Could you give me some hints how I can solve the following exercise?
Check if the equation $3x^2+7y^2-5z^2=0$ has a non-trivial solution in $\mathbb{Q}$ . If it has a solution, find at least one. If it does not have, find at which p-adic fields it has no rational solution.
EDIT:
Theorem:
We suppose that $a,b,c \in \mathbb{Z}, (a,b)=(b,c)=(a,c)=1$.
$abc$ is square-free.
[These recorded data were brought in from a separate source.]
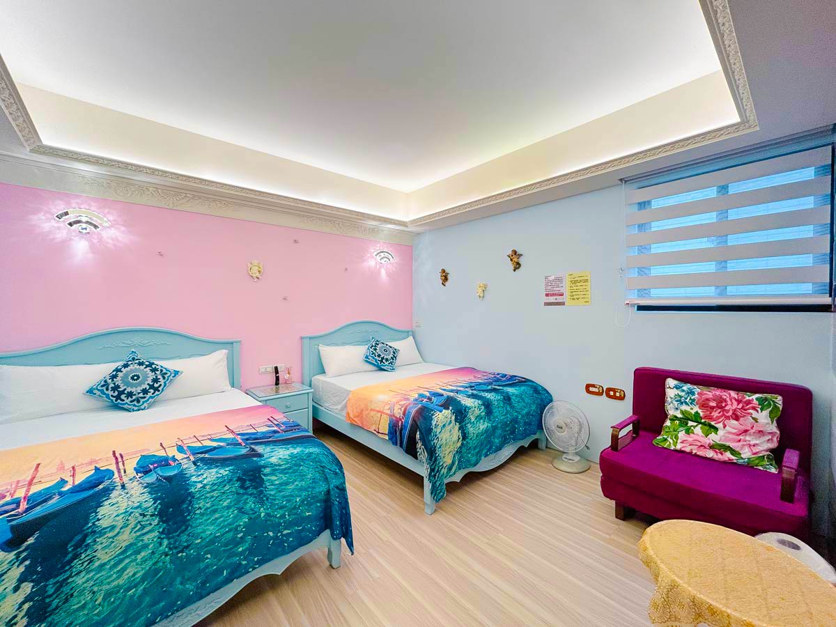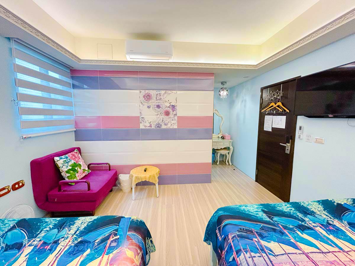 • 兩大床、分離式冷氣、液晶無線電視、吹風機、瓶裝水、免費無線WiFi、浴巾、洗髮乳和沐浴乳。
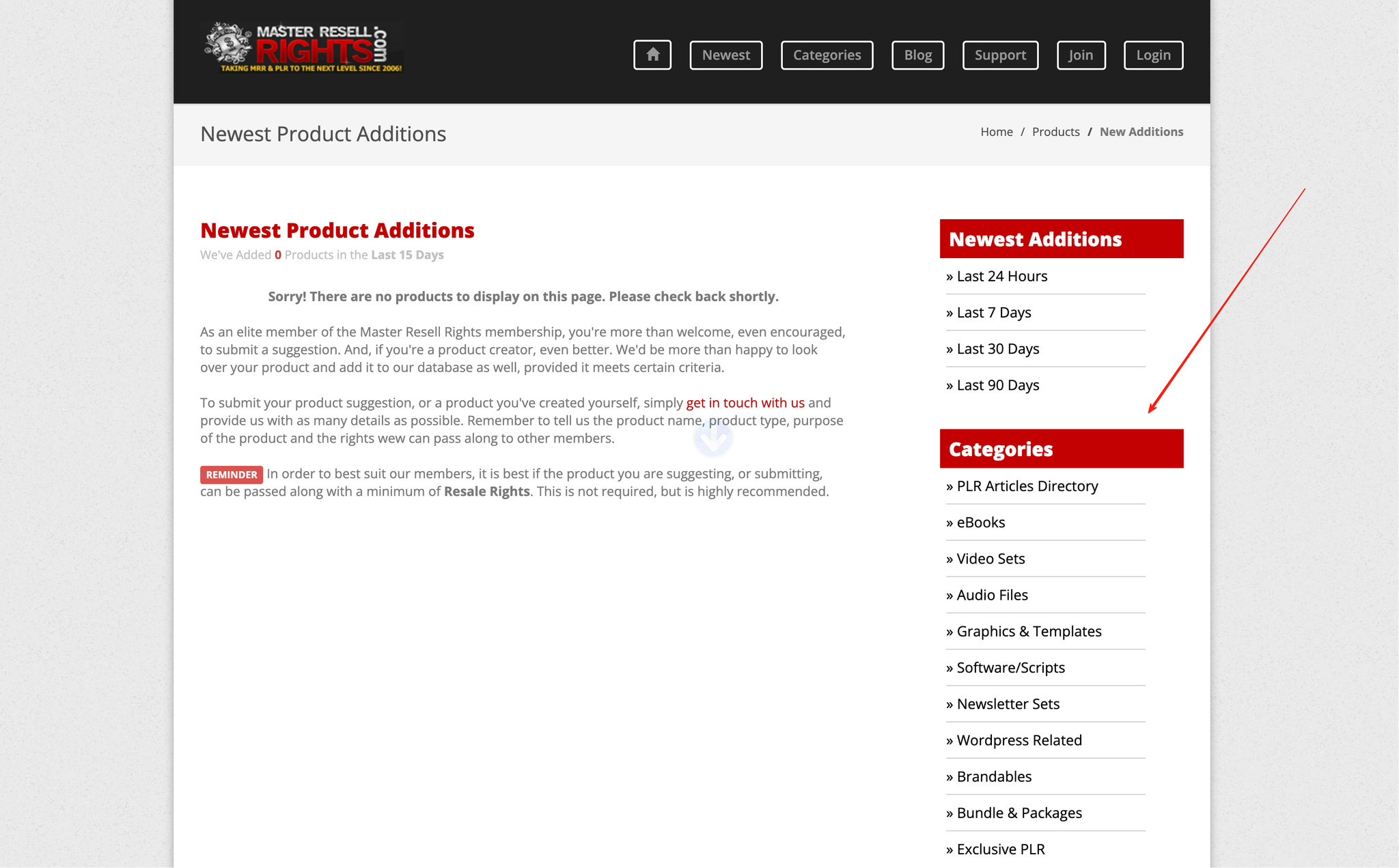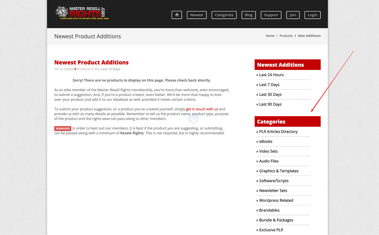 首页直接展示近期新增条目,并带发布日期与 license 类型(MRR/RR/PLR/Personal Use),你能先筛。
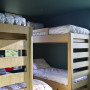 The remainder of the house is accessed through a darkened hallway. As you turn the corner, the rest of the house is revealed creating a sense of surprise that the house extends further. The painted ceilings create an immersive feeling, almost like being undersea, and the bunks were designed by Tim Lovell of Parsonson Architects.
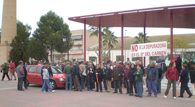 Alrededor de 250 personas, residentes del Barrio del Carmen, acudieron a la concentración del pasado sábado 31 de enero para mostrar su oposición a los planes del Ayuntamiento y de la Consejería de Agricultura y Agua en cuanto a la ubicación de la nueva estación depuradora (EDAR) en la zona de Los Quiñones, en el Barrio del Carmen de Alguazas.
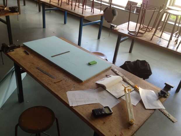 -Cortar el interior de la otra tabla hacia fuera. Mantenga un borde de 6 cm.

Then, the equation $ax^2+by^2+cz^2=0$ has a non-trivial solution in $\mathbb{Q} \Leftrightarrow$
- $a,b,c$ do not have the same sign.
- $\forall p \in \mathbb{P} \setminus \{ 2 \}, p \mid a$, $\exists r \in \mathbb{Z}$ such that $b+r^2c \equiv 0 \pmod p$ and similar congruence for the primes $p \in \mathbb{P} \setminus \{ 2 \}$, for which $p \mid b$ or $p \mid c$.
- If $a,b,c$ are all odd, then there are two of $a,b,c$, so that their sum is divided by $4$.
- If $a$ even, then $b+c$ or $a+b+c$ is divisible by $8$. Similar, if $b$ or $c$ even.
After playing around, the suspicion is that there is no solution. In the absence of a single prime that jumps to your eye (three is just too many) start checking $p=2$, which is always good for a surprise. Any rational solution in $\mathbb Q_2$ may be scaled to that $x,y,z$ are in $\mathbb Z_2$ and at least one of them is odd. Then consider this in $\mathbb Z/4\mathbb Z$, where squares are either $0$ or $1$: We have $3x^2+7y^2-5z^2\equiv 3(x^2+y^2+z^2)\not\equiv 0\pmod 4$ because $x^2+y^2+z^2$ is $1$ or $2$ or $3$.